*Work task*:
Drop the pictures and extract exactly the lines from the one that contains "Aventurine stones embellishing" through the end of the material.

*Data segment*:
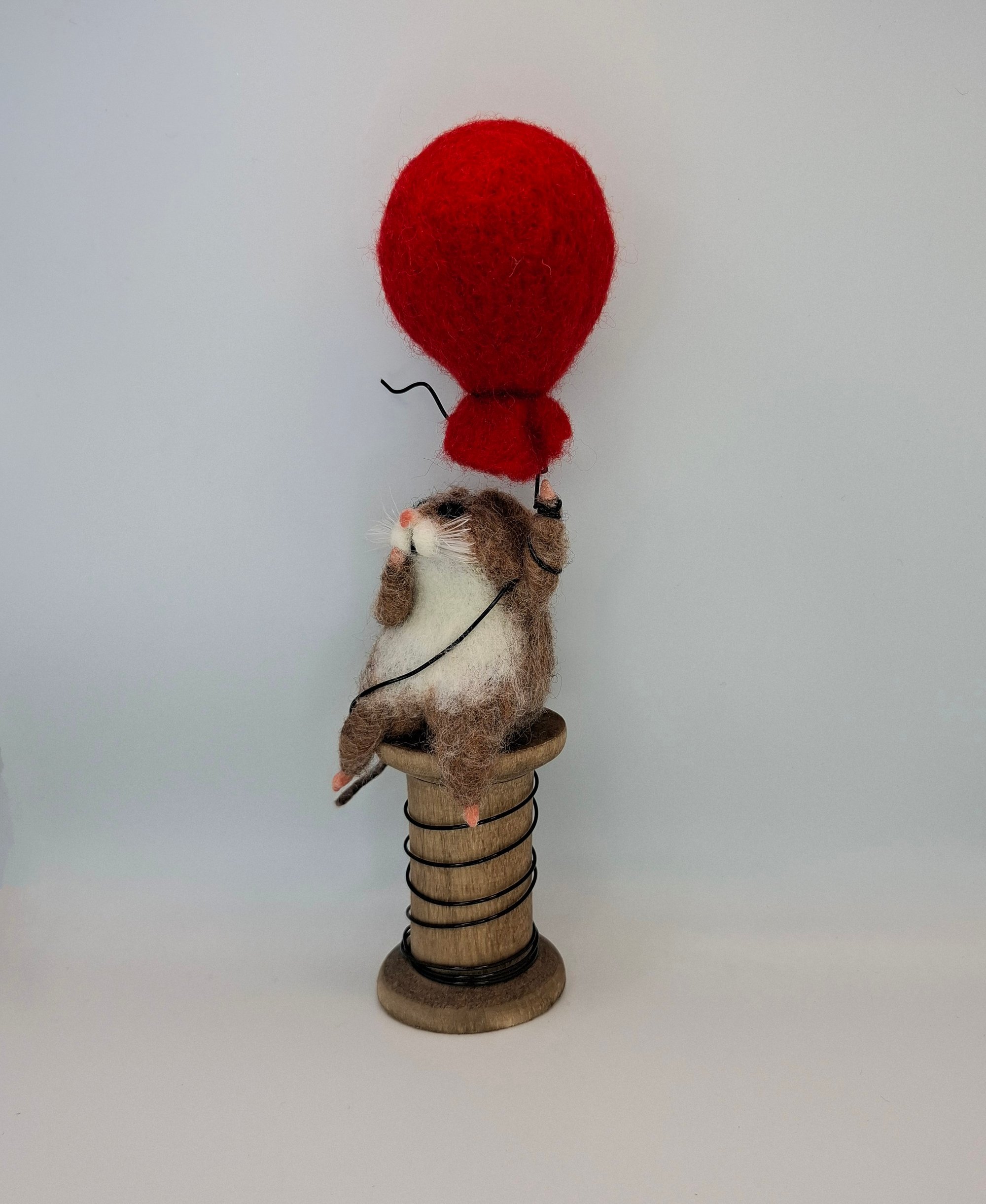 Where ever will he end up..? Needle felted mouse sitting atop a wooden bobbin with felt 'balloon'. Sits 19cm high on a 5 cm base. Freestanding.
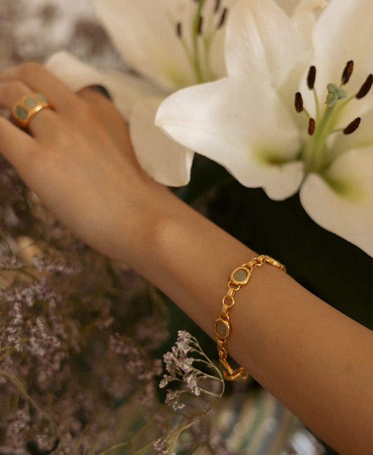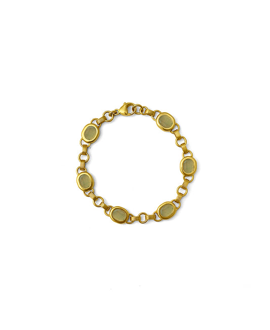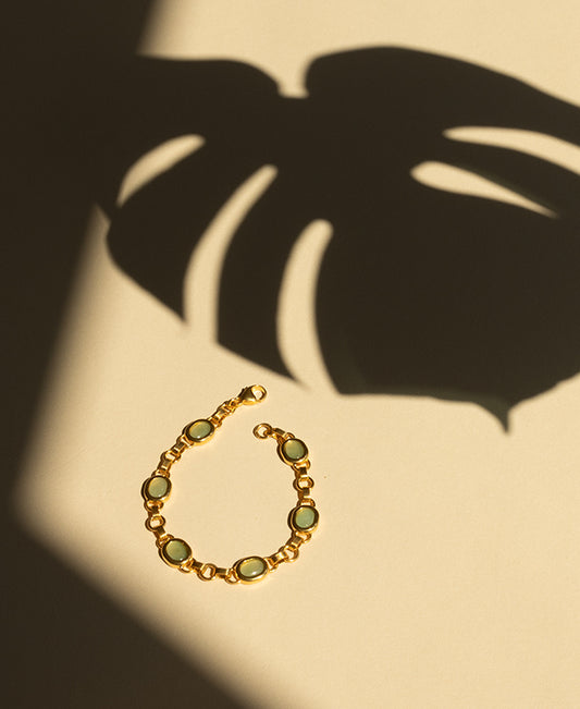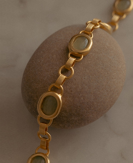Aventurine stones embellishing the delicate stations that make up the sections of the bracelet. This is a semi-precious stone that is meant to ease mental and emotional trauma, dissolve negative thoughts, and bring calm.
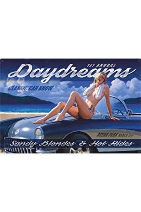 Hayat Poster Pin Up Kızı Spor Üstü Açık Klasik Araba Retro Ahşap Poster

*Task answer*:
Aventurine stones embellishing the delicate stations that make up the sections of the bracelet. This is a semi-precious stone that is meant to ease mental and emotional trauma, dissolve negative thoughts, and bring calm.
 Hayat Poster Pin Up Kızı Spor Üstü Açık Klasik Araba Retro Ahşap Poster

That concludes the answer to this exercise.